Watercolor

Rough Pencil sketch from my sketchbook of a female Ruby-throated Hummingbird
...I drew this sketch in the car while waiting for Matty. My ref was a poor-quality printout of a photo I took a couple of years ago. As a result, I couldn't see any feather detail, so I totally made up the feather configuration, choosing "poetic license" to give the feel of detail. Since this little female had such a fierce look in her eyes...and she was "poetic" in her own way, I thought D. H. Lawrence's poem "Humming-bird," where he depicts a hummingbird at the dawn of creation as a "jabbing, terrifying monster," was the perfect fit. When I watch our hummingbirds fight viciously over their food source in the summer, I totally get his image...

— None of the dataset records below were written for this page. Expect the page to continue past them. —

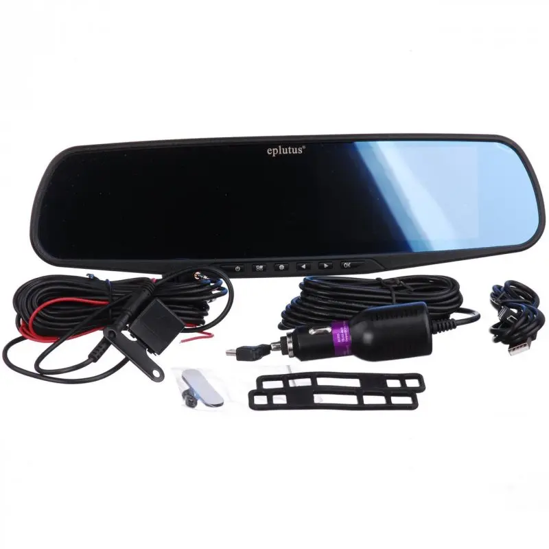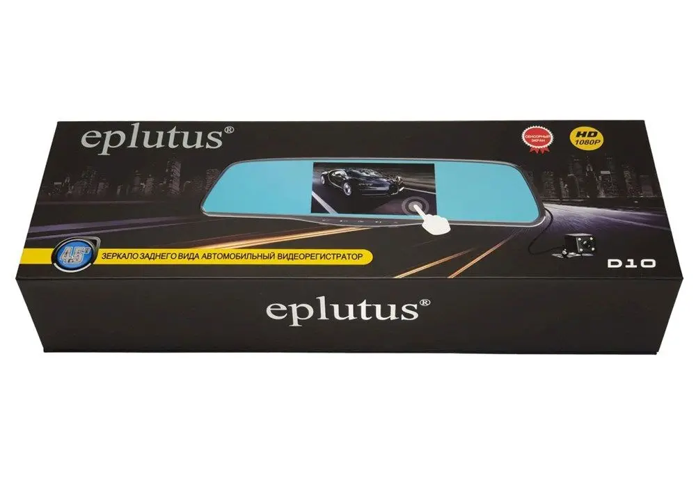 Автомобильный видеорегистратор-зеркало с сенсорным дисплеем и 2-мя камерами Eplutus D10 обладает целым рядом преимуществ. Несомненным достоинством гаджета являются его компактные размеры. Видеорегистратор Eplutus D10 в виде зеркала заднего вида не занимают много места. Именно поэтому он не будет мешать водителю. А это очень важно, ведь обычный видеорегистратор нередко закрывает от автомобилиста сигнал светофора или знак, установленный на дороге, что порой является причиной ДТП. Немаловажной положительной чертой, которой обладают видеорегистратор- зеркало Eplutus D10 является незаметность устройства. Сложность обнаружения прибора прекрасно защищает его от краж. Вторая камера заднего вида, автоматически включается при движении задним ходом, что является отличным решением для парковки в стесненных условиях плотной городской застройки. Модель автоматически переключает изображение на дисплее на камеру заднего вида при включении R-передачи и активирует подсветку камеры заднего вида. Отличительные особенности EPLUTUS D10: - Автомобильный видеорегистратор-зеркало Eplutus D10 Full HD с двумя камерами и сенсорным экраном - Стильный дизайн в ультратонком корпусе чёрного цвета - Качество записи Full HD и угол обзора 140 градусов - Большой дисплей 4,5 дюйма - Меню на русском языке - Датчик движения и G-sensor - Задняя, уличная, камера с удобным креплением на скотче 3M, которая может использоваться, как камера заднего ход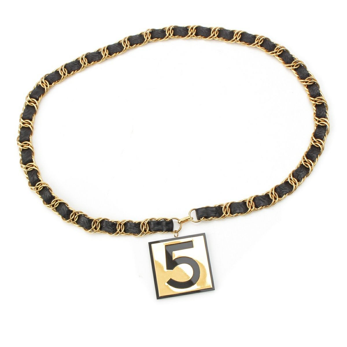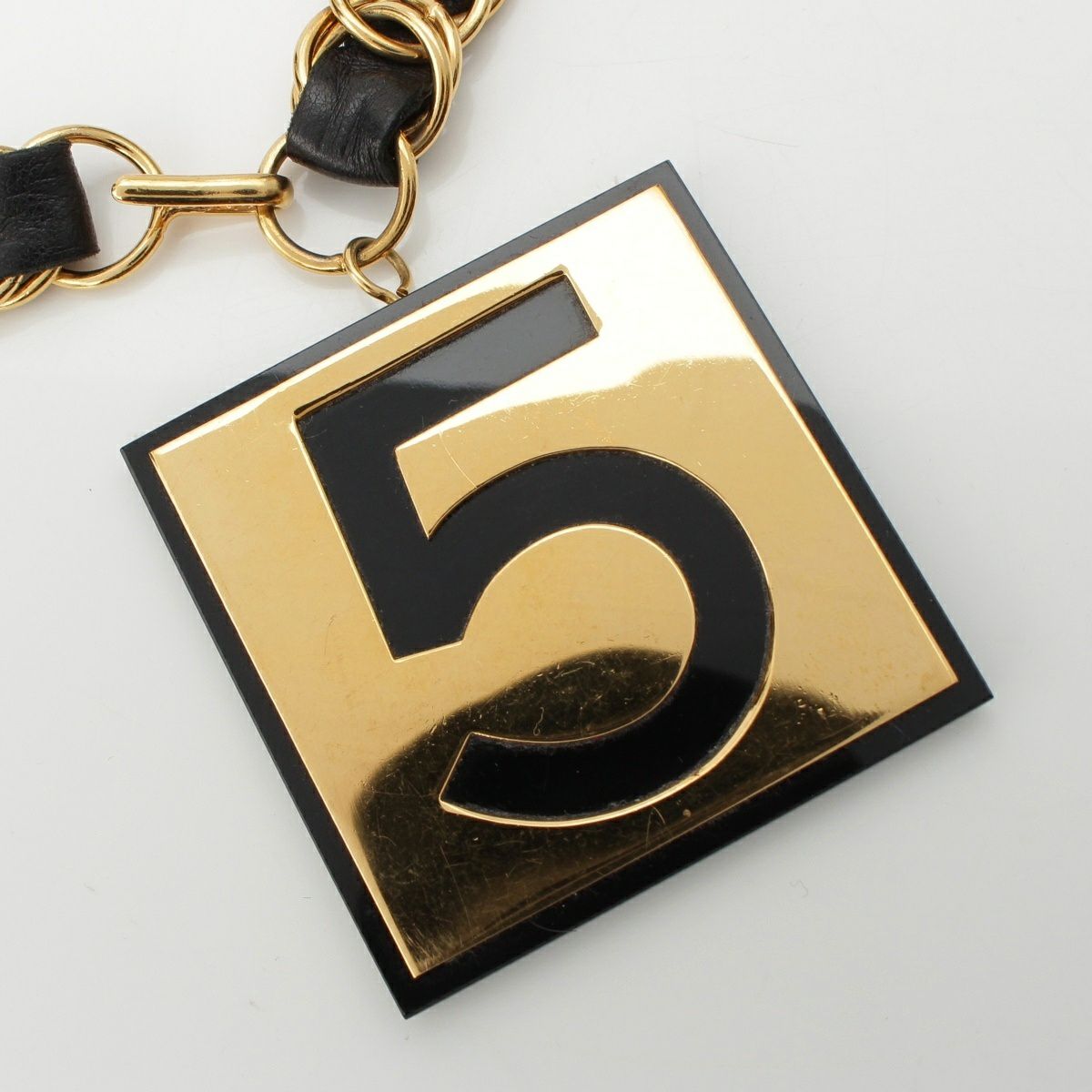 シャネル レザー GPゴールド 5 ナンバーファイブ ビックプレート チェーン ベルト ブラック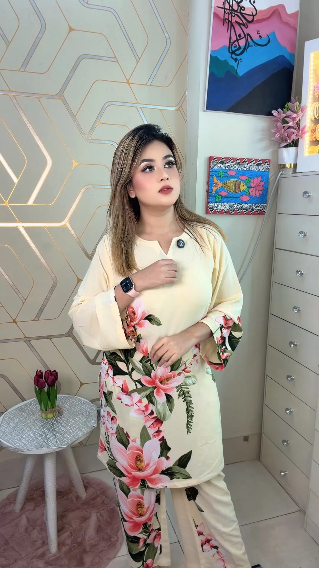 This elegant Co-Ord Set, crafted from soft malai georgette fabric for a lightweight, breathable, and comfortable feel. The outfit features a vibrant digital print and full sleeves, combining modern trends with classic charm.

...this is painting 72 in this year's 100 painting challenge...painting 172 in my 5 year, 500 painting challenge.Humming-bird
I can imagine, in some otherworld
Primeval-dumb, far back
In that most awful stillness, that only gasped and hummed,
Humming-birds raced down the avenues.
Before anything had a soul,
While life was a heave of Matter, half inanimate,
This little bit chipped off in brilliance
And went whizzing through the slow, vast, succulent stems.
I believe there were no flowers, then,
In the world where the humming-bird flashed ahead of creation.
I believe he pierced the slow vegetable veins with his long beak.
Probably he was big
As mosses, and little lizards, they say, were once big.
Probably he was a jabbing, terrifying monster.
We look at him through the wrong end of the long telescope of Time,
Luckily for us.by D. H. Lawrence(excerpted from "The Little Big Book of Birds," by Tabori and Fried -- originally from "Birds, Beasts and Flowers," 1923)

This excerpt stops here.